## TASK REQUIREMENTS
In this exercise, print only the lines of the records below from the one with "- コンテンツ制作の民主化:ディズニー×" through the one with "사항 | 해당없음 |", inclusive. Pictures are not part of the copy.

## DATA EXCERPTS
******
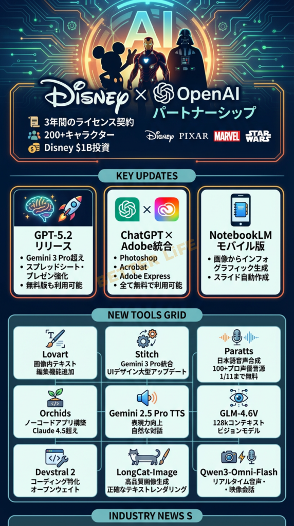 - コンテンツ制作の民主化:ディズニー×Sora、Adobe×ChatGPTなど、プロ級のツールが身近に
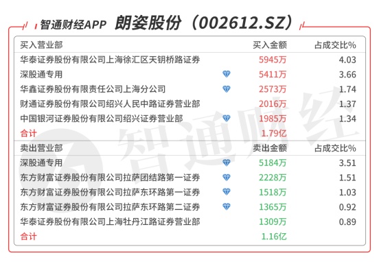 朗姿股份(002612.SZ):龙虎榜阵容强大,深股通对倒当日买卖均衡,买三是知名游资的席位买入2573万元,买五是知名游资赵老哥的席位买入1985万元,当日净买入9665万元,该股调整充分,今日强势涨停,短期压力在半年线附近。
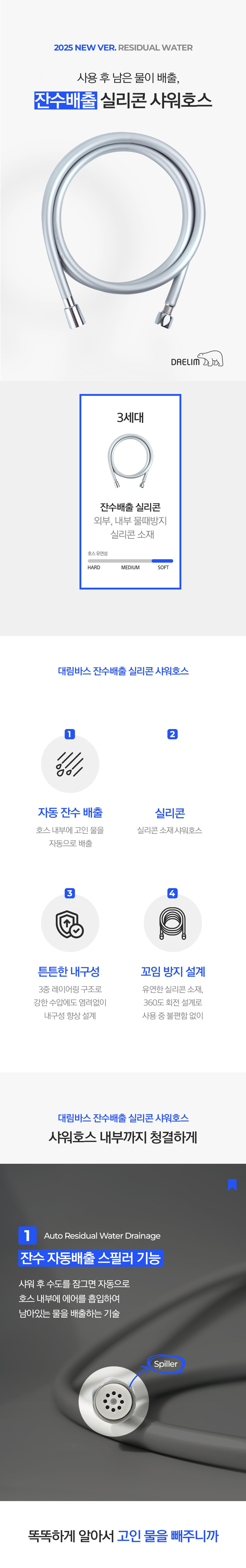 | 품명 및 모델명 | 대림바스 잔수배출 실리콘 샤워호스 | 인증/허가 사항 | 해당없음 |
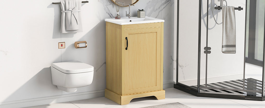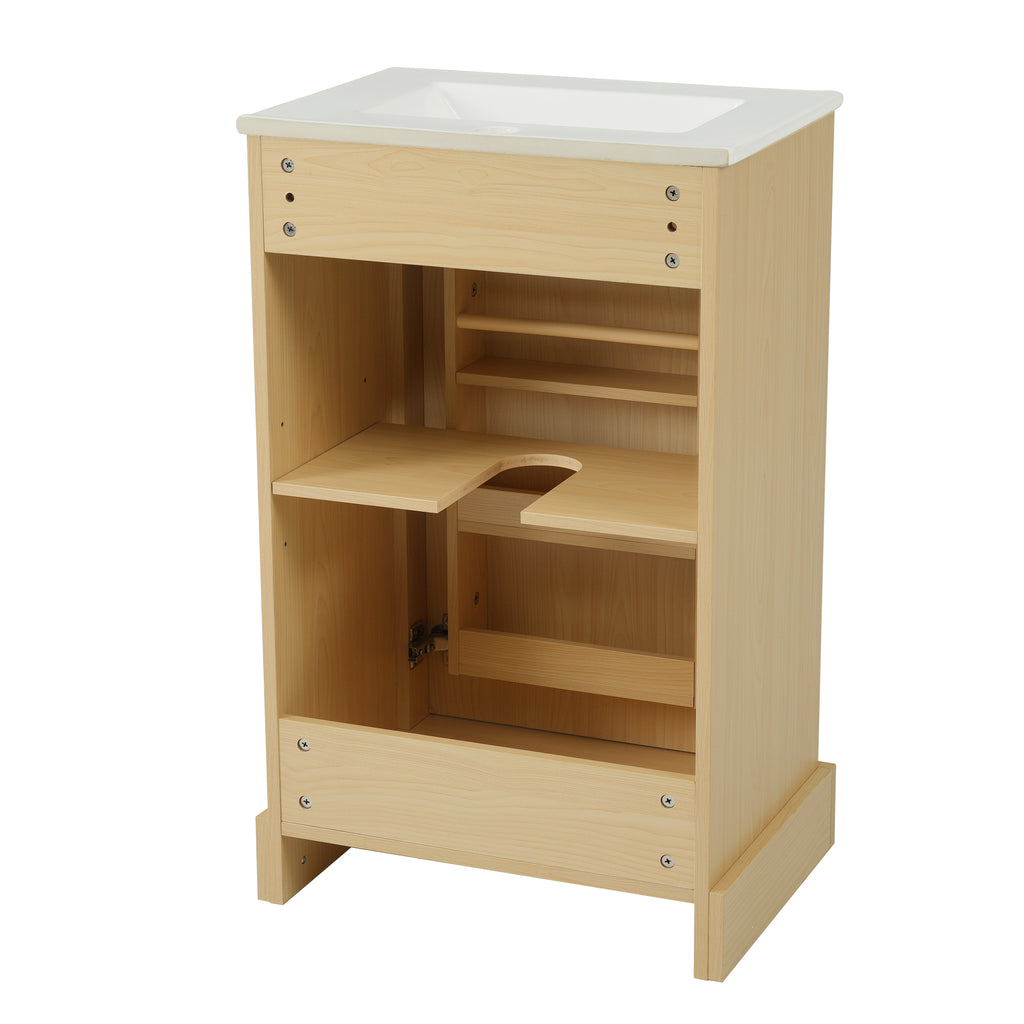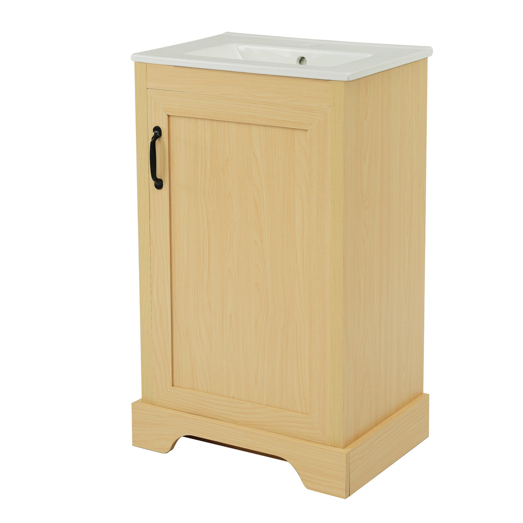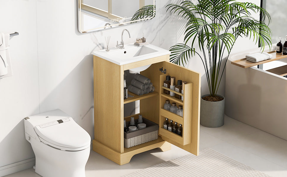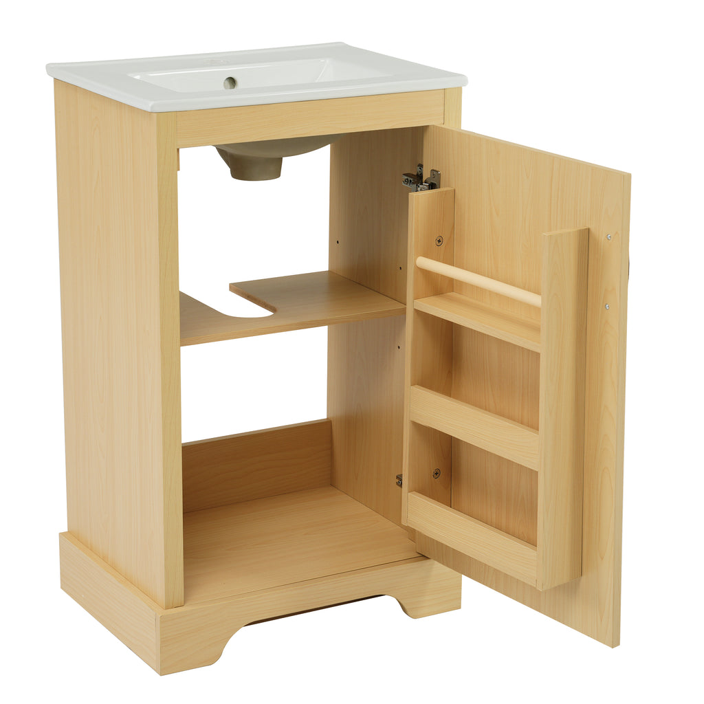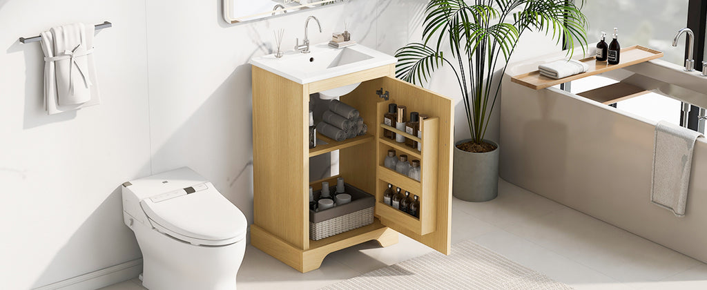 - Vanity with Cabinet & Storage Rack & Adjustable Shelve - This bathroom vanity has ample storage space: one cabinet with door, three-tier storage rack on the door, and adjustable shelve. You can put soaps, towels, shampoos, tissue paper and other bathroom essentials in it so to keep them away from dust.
******
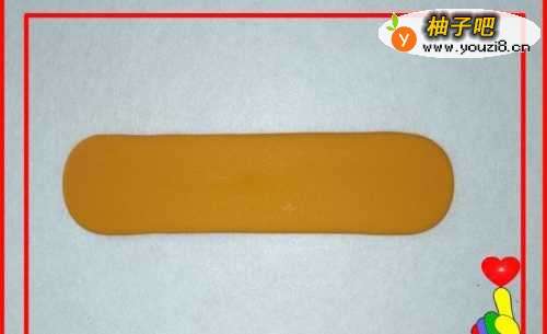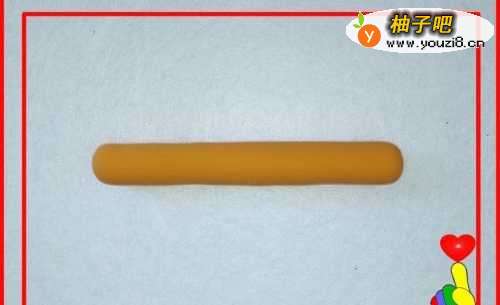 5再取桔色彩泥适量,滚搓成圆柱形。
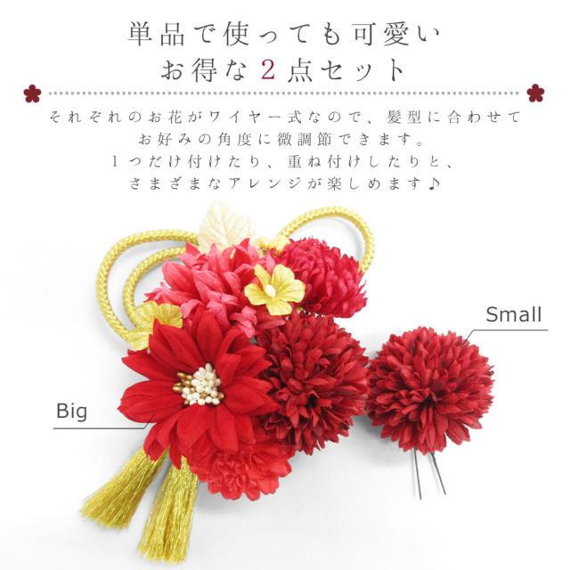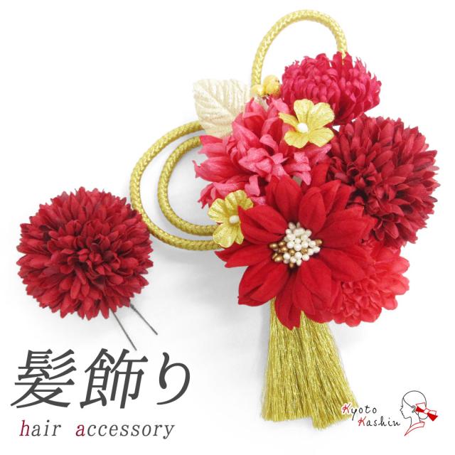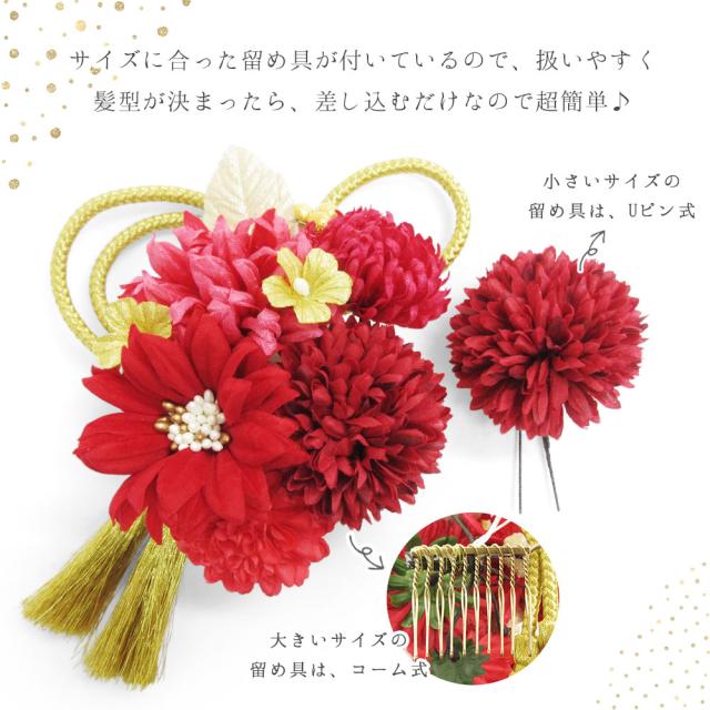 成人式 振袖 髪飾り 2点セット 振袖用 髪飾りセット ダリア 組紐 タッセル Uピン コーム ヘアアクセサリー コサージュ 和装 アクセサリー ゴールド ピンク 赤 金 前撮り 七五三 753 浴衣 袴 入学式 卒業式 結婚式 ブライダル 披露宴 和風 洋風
******
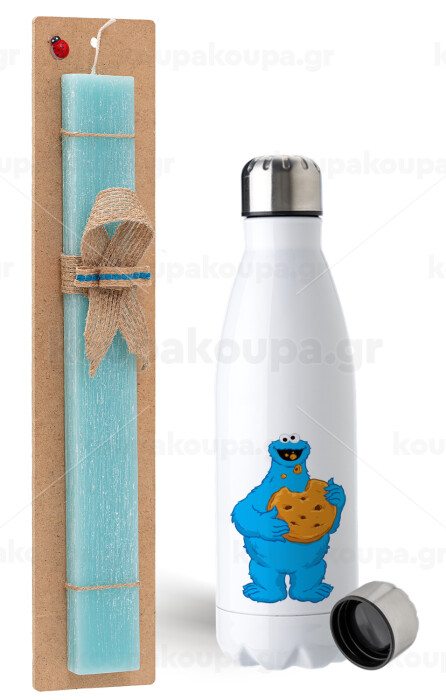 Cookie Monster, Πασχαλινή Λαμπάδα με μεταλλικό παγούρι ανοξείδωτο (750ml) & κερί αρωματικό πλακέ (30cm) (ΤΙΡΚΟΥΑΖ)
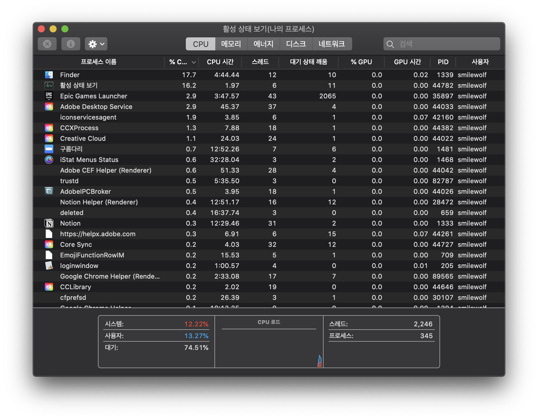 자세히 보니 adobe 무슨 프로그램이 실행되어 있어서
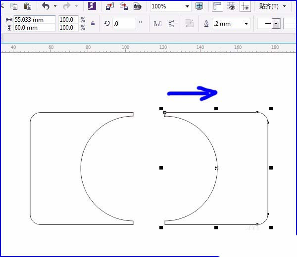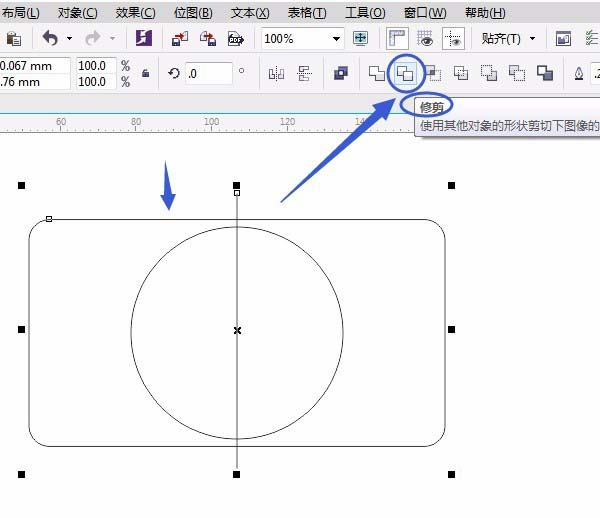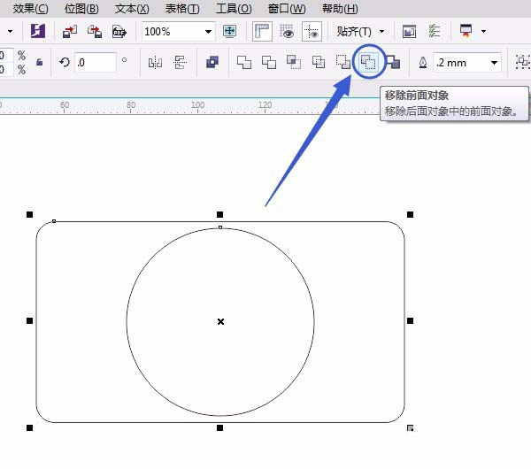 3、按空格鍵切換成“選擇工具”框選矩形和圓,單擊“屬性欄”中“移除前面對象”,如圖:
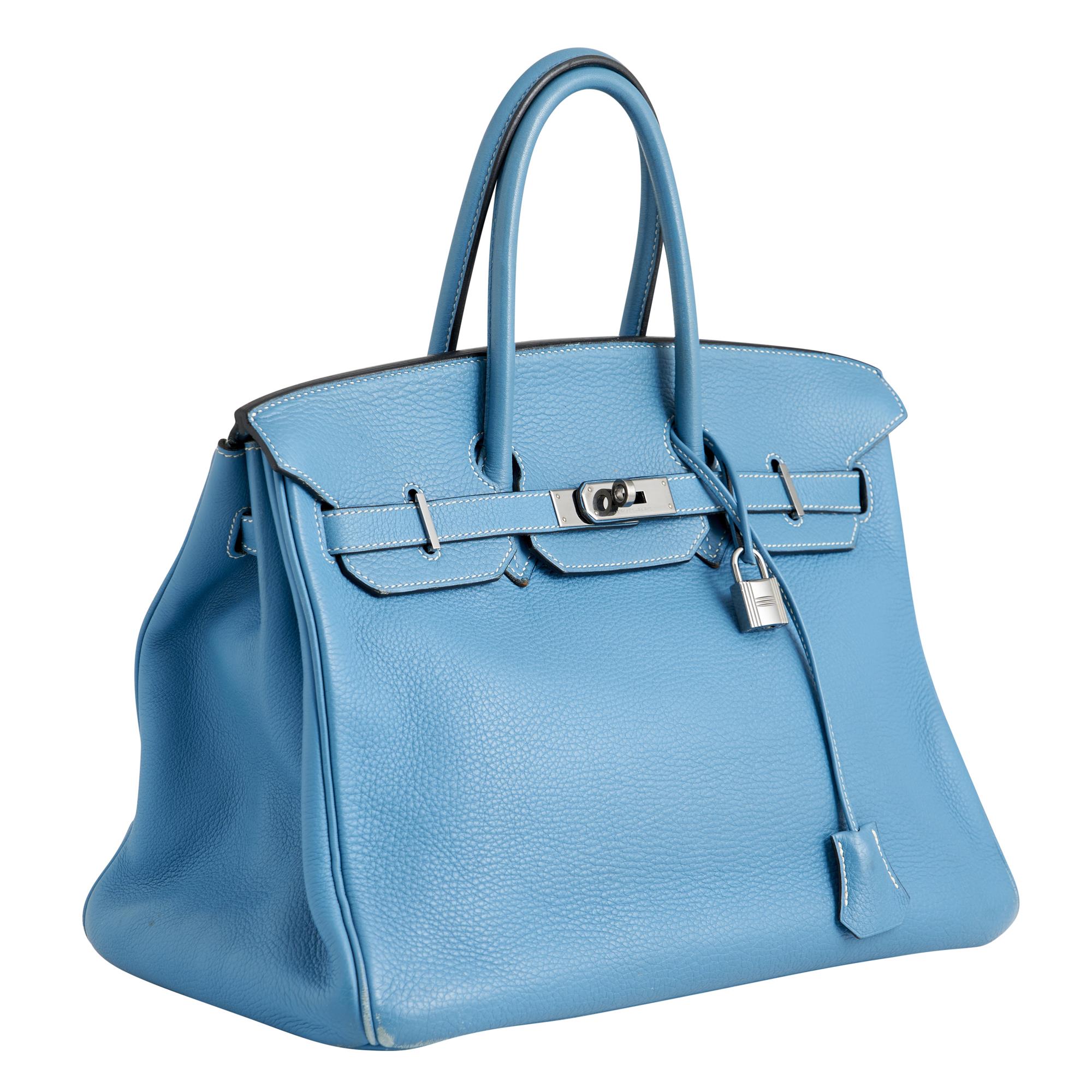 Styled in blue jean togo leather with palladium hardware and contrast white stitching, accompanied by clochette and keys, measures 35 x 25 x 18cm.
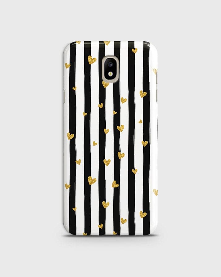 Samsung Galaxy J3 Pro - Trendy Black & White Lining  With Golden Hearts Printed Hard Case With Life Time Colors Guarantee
******
## RESULT BELOW
 - コンテンツ制作の民主化:ディズニー×Sora、Adobe×ChatGPTなど、プロ級のツールが身近に
 朗姿股份(002612.SZ):龙虎榜阵容强大,深股通对倒当日买卖均衡,买三是知名游资的席位买入2573万元,买五是知名游资赵老哥的席位买入1985万元,当日净买入9665万元,该股调整充分,今日强势涨停,短期压力在半年线附近。
 | 품명 및 모델명 | 대림바스 잔수배출 실리콘 샤워호스 | 인증/허가 사항 | 해당없음 |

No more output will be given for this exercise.